Таким образом, Делез показывает, что субъект, хотя и не автономен — он результат воздействия принципов на душу, — но необходим, чтобы мысли были не в хаосе, чтобы идеи связывались в систему, чтобы мы могли проводить связи между ними.
Поздний Делез
В более поздних, чем «Эмпиризм и субъективность», произведениях Делеза мы видим типичную для этого направления мысли постановку вопроса. Это смерть субъекта, прежде всего, как автора. Никакой субъект не является автором смысла. Смысл рождается сам.
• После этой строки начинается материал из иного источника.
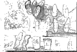
2019年度 優秀作品 (小学生)
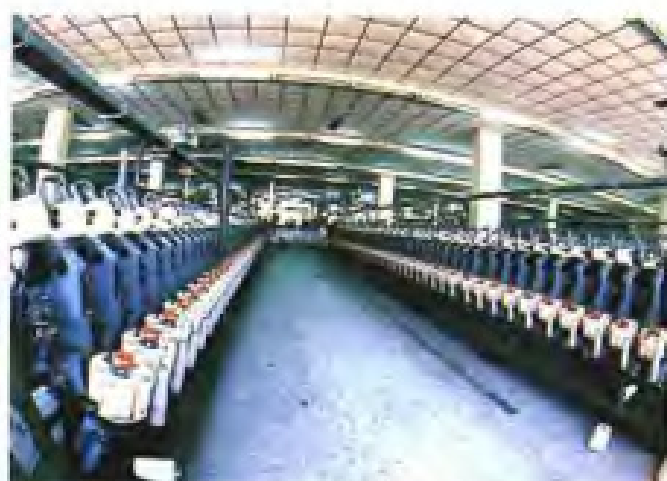
▲福州棉纺织印染厂自动络筒机
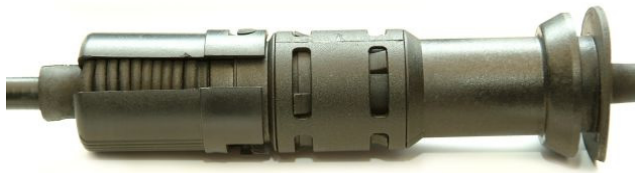
Sl. 1: Osigurač sa bajonetnim zatvaračem
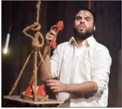
أداء متميز للدرزي
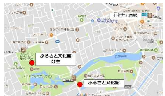
石神井公園ふるさと文化館と同館分室
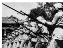
活跃于冀中平原的回民支队
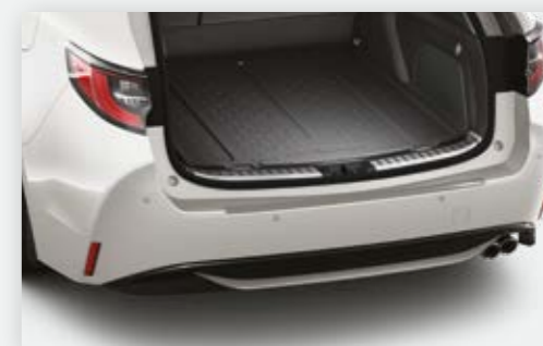
פס הגנה פגוש אחורי

PROTECTION PACK+ בתוספת חיישני חניה אחוריים - זמין ברמות גימור אקטיב ודינאמיק
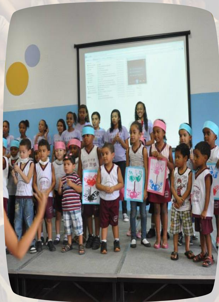
Apresentação em comemoração a semana do meio ambiente
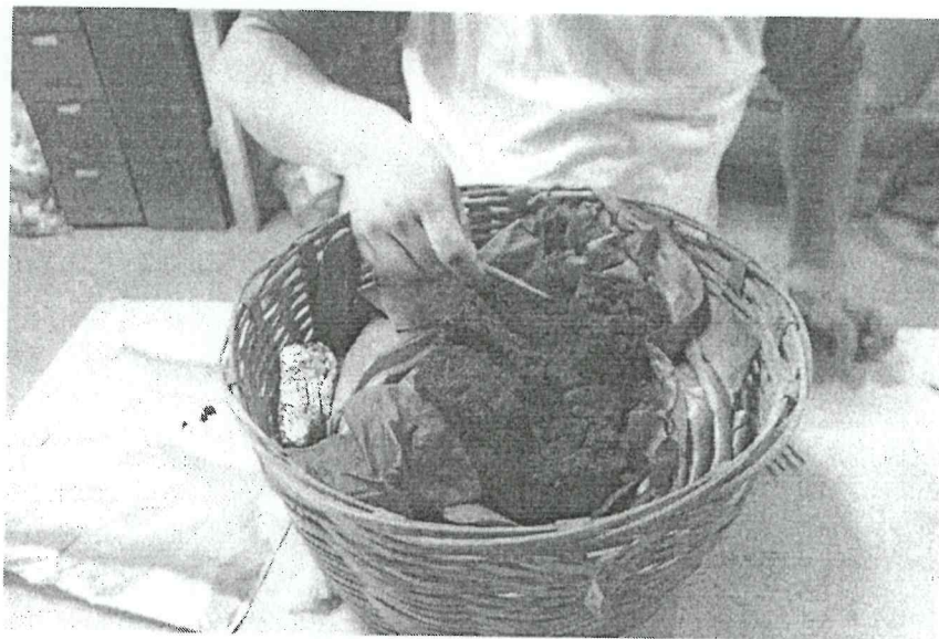
Imagen 4. Retirando los fragmentos de la mazorca carbonizada para su conservación (Espigares 2015)

В «Логике смысла» Делез пишет о поверхности, противопоставляя ее глубине. Глубина — место физических тел и, как можно понять, переживаний и чувств. Поверхность — место событий. События случаются не с телами. Тела пребывают в своих физических превращениях, и эти превращения континуальные. На поверхности мы видим события, порождающие смыслы. Между телами и их превращениями связи причинно-следственные, между событиями же возможны только псевдосвязи. События — это, как говорит Делез, эффекты.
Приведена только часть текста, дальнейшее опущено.